Selected Publications

Understanding Human–AI Workflows for Generating Personas

Joongi Shin, Michael A. Hedderich, Bartłomiej Jakub Rey, Andrés Lucero, Antti Oulasvirta

Proceedings of the 2024 ACM Designing Interactive Systems Conference

[DOI] [PAPER] [Project]

One barrier to deeper adoption of user-research methods is the amount of labor required to create high-quality representations of collected data. Trained user researchers need to analyze datasets and produce informative summaries pertaining to the original data. While Large Language Models (LLMs) could assist in generating summaries, they are known to hallucinate and produce biased responses. In this paper, we study human--AI workflows that differently delegate subtasks in user research between human experts and LLMs. Studying persona generation as our case, we found that LLMs are not good at capturing key characteristics of user data on their own. Better results are achieved when we leverage human skill in grouping user data by their key characteristics and exploit LLMs for summarizing pre-grouped data into personas.
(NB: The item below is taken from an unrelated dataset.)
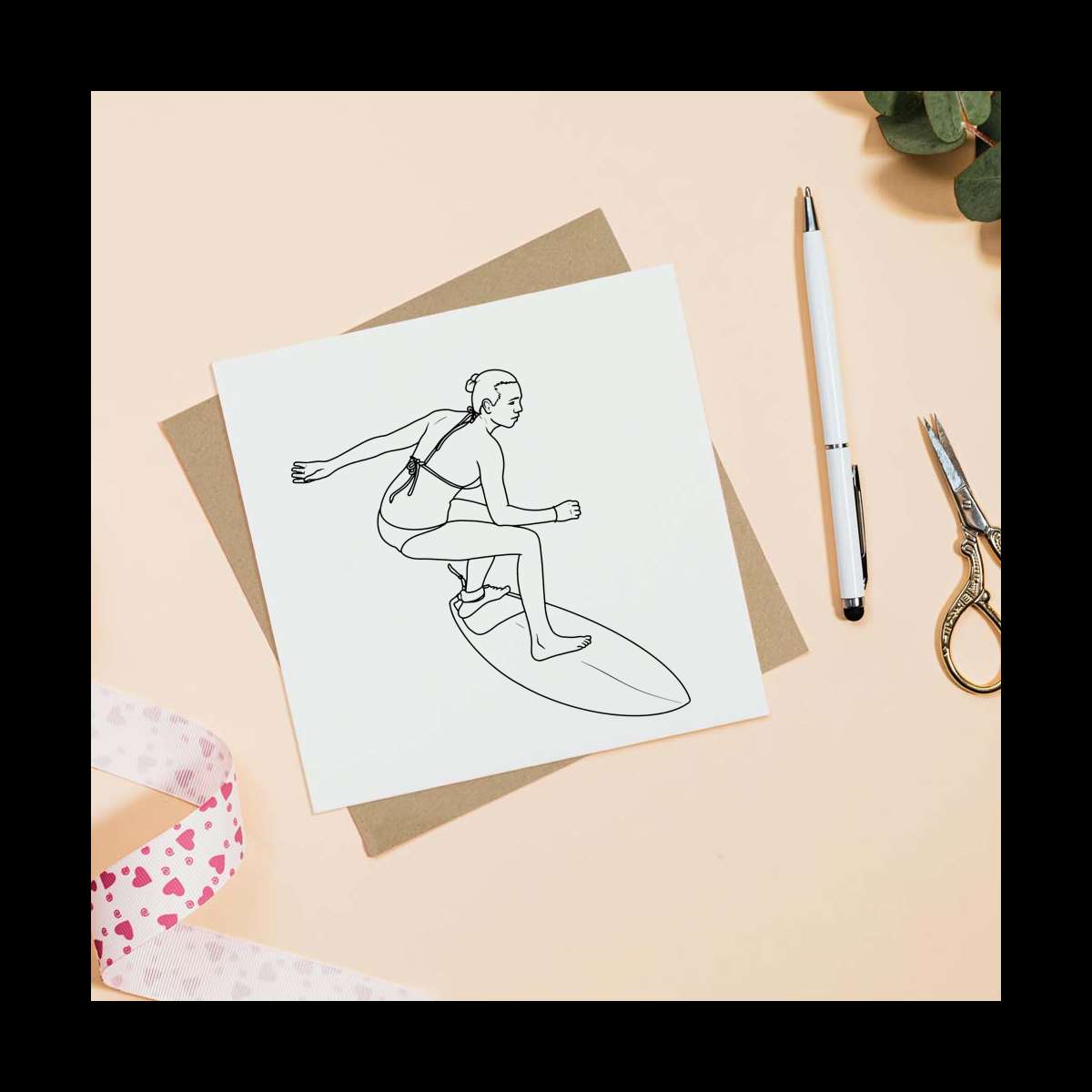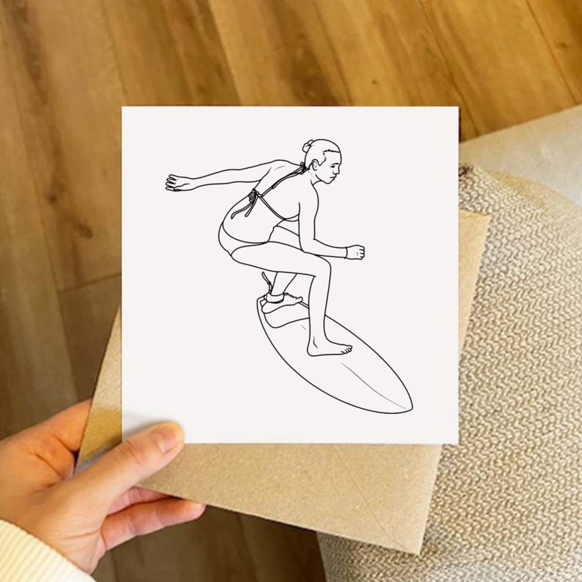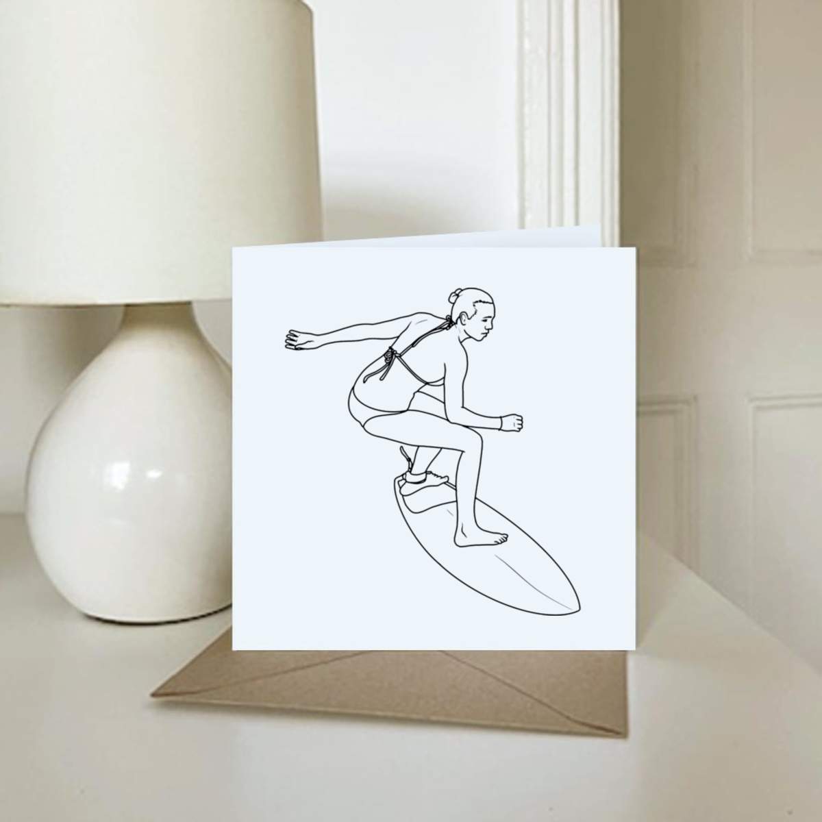 - Square greeting card supplied with a recycled brown envelope
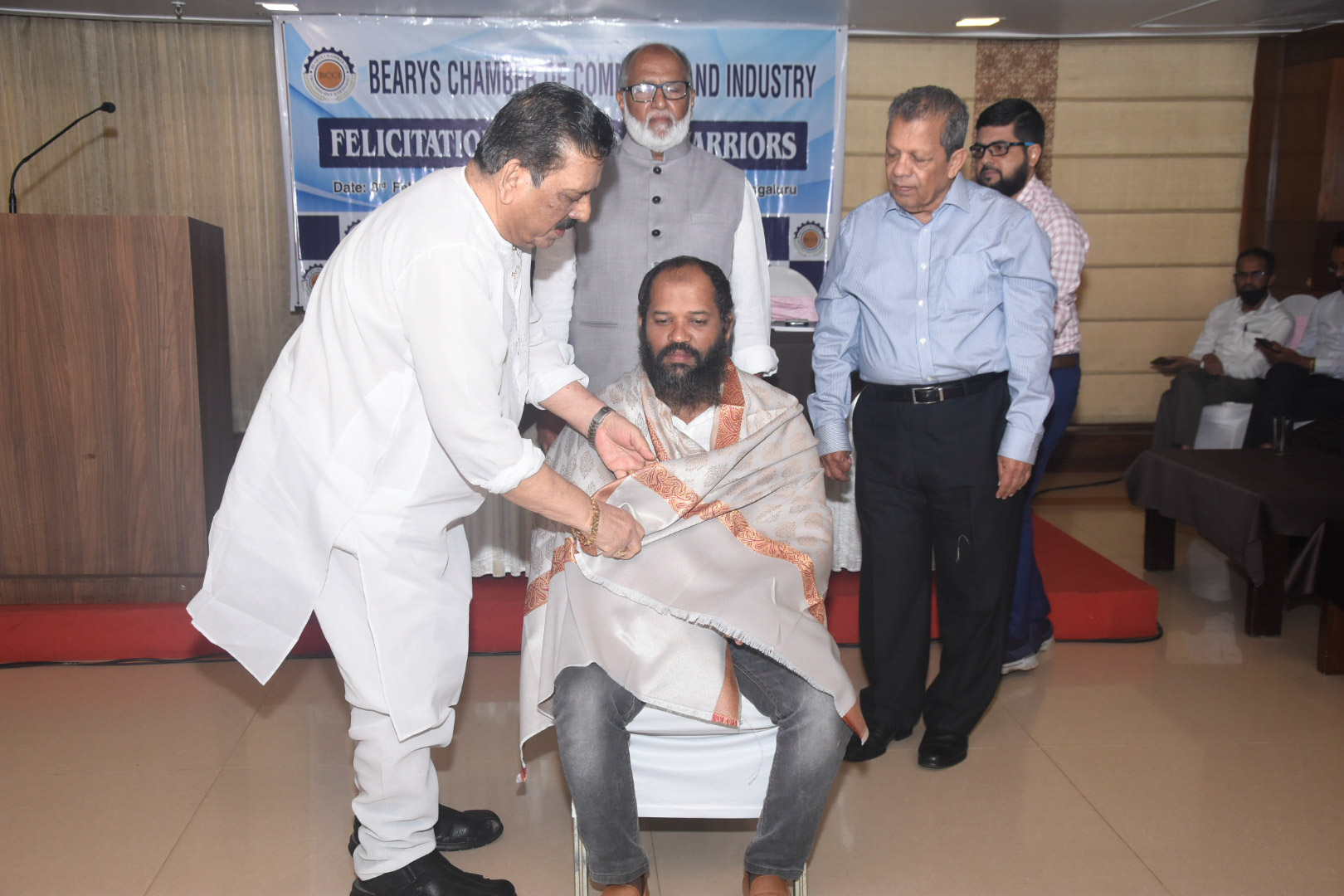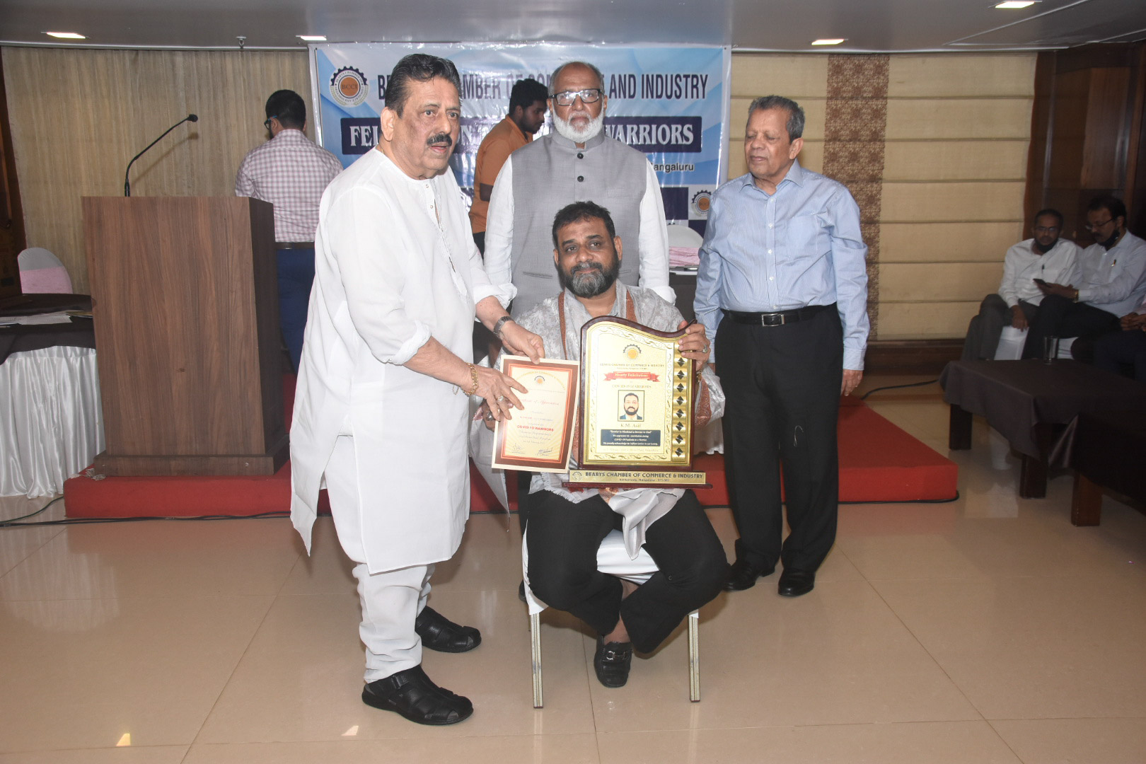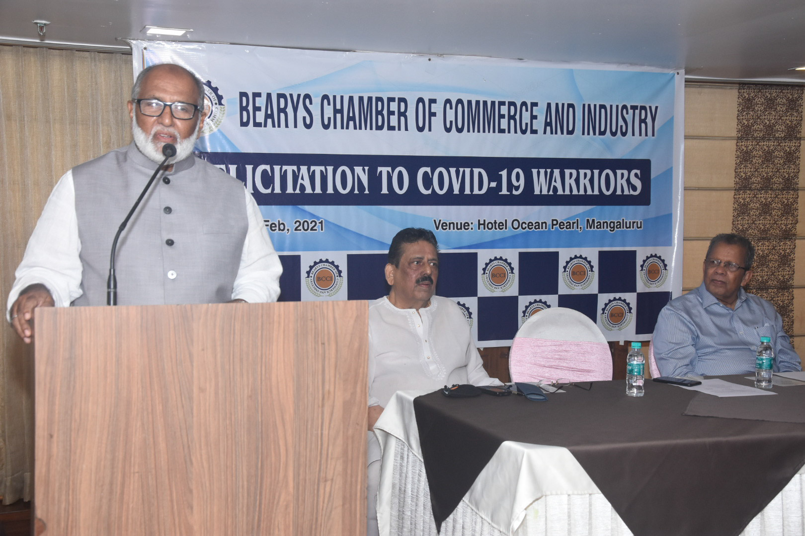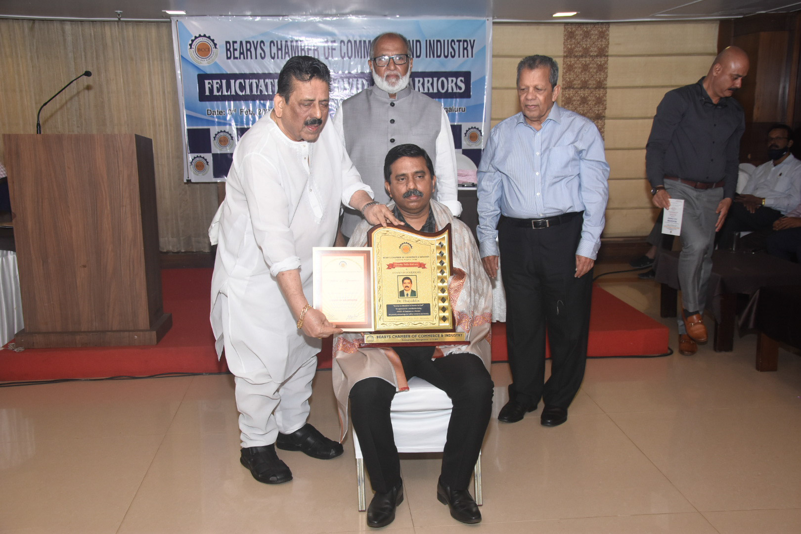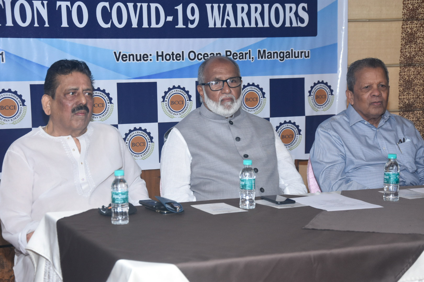 ಮಂಗಳೂರು : ಬ್ಯಾರೀಸ್ ಛೇಂಬರ್ ಆಫ್ ಕಾಮರ್ಸ್ ಆ್ಯಂಡ್ ಇಂಡಸ್ಟ್ರಿ (ಬಿಸಿಸಿಐ) ವತಿಯಿಂದ ಕೊರೋನ ಮತ್ತು ಲಾಕ್ಡೌನ್ ಸಂದರ್ಭ ಸೇವೆಗೈದ 11 ಮಂದಿ ಕೋವಿಡ್ ಸೇನಾನಿಗಳಿಗೆ ಸನ್ಮಾನಿಸುವ ಕಾರ್ಯಕ್ರಮವು ಬುಧವಾರ ನಗರದ ಖಾಸಗಿ ಹೊಟೇಲ್ನಲ್ಲಿ ಜರುಗಿತು.

Personas generated via this collaborative approach can be more representative and empathy-evoking than ones generated by human experts or LLMs alone. We also found that LLMs could mimic generated personas and enable interaction with personas, thereby helping user researchers empathize with them. We conclude that LLMs, by facilitating the analysis of user data, may promote widespread application of qualitative methods in user research. 
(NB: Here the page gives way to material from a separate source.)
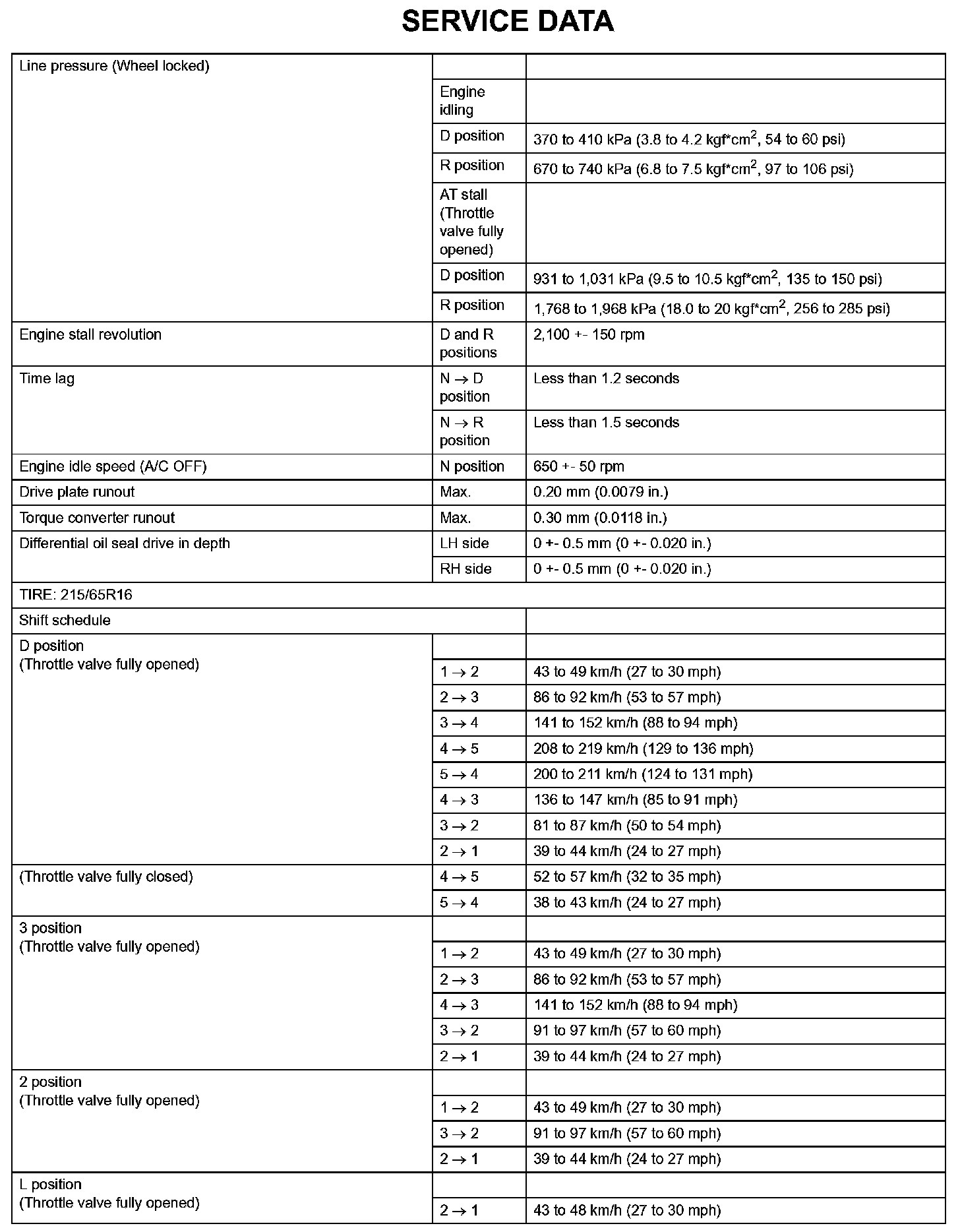 Automatic Transaxle-Service Data (Part 1):

Chatbots Facilitating Consensus-Building in Asynchronous Co-Design

Joongi Shin, Michael A. Hedderich, Andrés Lucero, Antti Oulasvirta

UIST '22 I4th Annual ACM Symposium on User Interface Software and Technology

[DOI] [PAPER]

Consensus-building is an essential process for the success of co-design projects. To build consensus, stakeholders need to discuss conflicting needs and viewpoints, converge their ideas toward shared interests, and grow their willingness to commit to group decisions. However, managing group discussions is challenging in large co-design projects with multiple stakeholders. In this paper, we investigate the interaction design of a chatbot that can mediate consensus-building conversationally. By interacting with individual stakeholders, the chatbot collects ideas to satisfy conflicting needs and engages stakeholders to consider others’ viewpoints, without having stakeholders directly interact with each other. Results from an empirical study in an educational setting (N = 12) suggest that the approach can increase stakeholders’ commitment to group decisions and maintain the effect even on the group decisions that conflict with personal interests. We conclude that chatbots can facilitate consensus-building in small-to-medium-sized projects, but more work is needed to scale up to larger projects.
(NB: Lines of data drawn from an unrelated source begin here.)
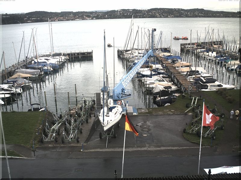 12:30 Uhr – Auf dem See zwischen Überlingen und Wallhausen sind sehr viele Optimisten und 420er zu sehen. die Jugend trainiert.
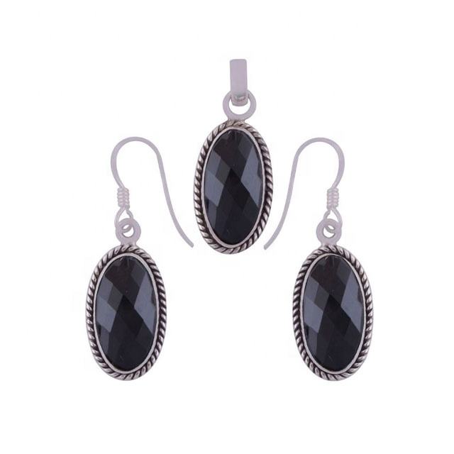 High Quality 925 Sterling Silver Black Onyx Gemstone Earring Pendant Set Vintage Wholesale for Woman's Engagement Anniversary
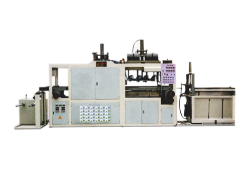 XS-660/1120型全自动高速吸塑成型机,集机、电、气一体化设计,采用垂直气缸拉片,缩短拉片占用时间,降低电能消耗,保证成型质量。是以送片、加热、成型、冷却、脱模、切断一次性完成的全自动、高效塑料片材成型设备。
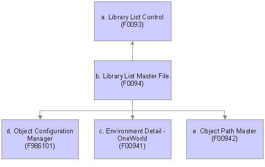 The Library List Control table and the Environment Master table have a direct correlation. For each environment listed as a valid user environment in the F0093, there is one F0094 record that provides the name and description of that environment. The F986101 and F00941 and F00942 provide additional information for each of the environments defined in the Environment Master table (F0094).
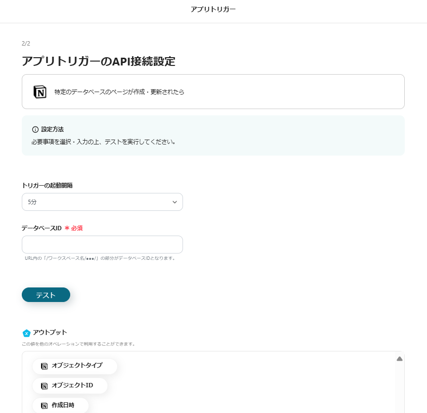 5.トリガーの起動間隔を選択して、「データベースID」を入力します。
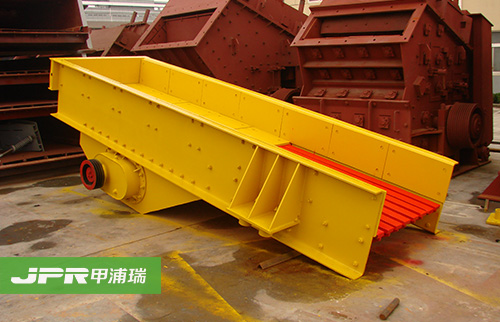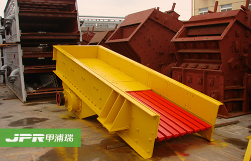 振动给料机在砂石生产线中可为破碎机连续均匀地喂料避免破碎机受料口的堵塞。振动给料机机是利用振动器中的偏心块旋转产生离心力,使筛厢、振动器等可动部分作强制的连续的圆或近似圆的运动。物料则随筛厢在倾斜的筛面上作连续的抛掷运动,并连续均匀地将物料送至受料口内。

Slow Robots for Unobtrusive Posture Correction

Joongi Shin, Eiji Onchi, Maria Jose Reyes, Junbong Song, Uichin Lee, Seung-Hee Lee, Daniel Saakes

CHI '19: Proceedings of the 2019 CHI Conference on Human Factors in Computing Systems 

[DOI]

Prolonged static and unbalanced sitting postures during computer usage contribute to musculoskeletal discomfort. In this paper, we investigated the use of a very slow moving monitor for unobtrusive posture correction. In a first study, we identified display velocities below the perception threshold and observed how users (without being aware) responded by gradually following the monitor's motion. From the result, we designed a robotic monitor that moves imperceptible to counterbalance unbalanced sitting postures and induces posture correction. In an evaluation study (n=12), we had participants work for four hours without and with our prototype (8 in total). Results showed that actuation increased the frequency of non-disruptive swift posture corrections and significantly reduced the duration of unbalanced sitting. Most users appreciated the monitor correcting their posture and reported less physical fatigue. With slow robots, we make the first step toward using actuated objects for unobtrusive behavioral changes.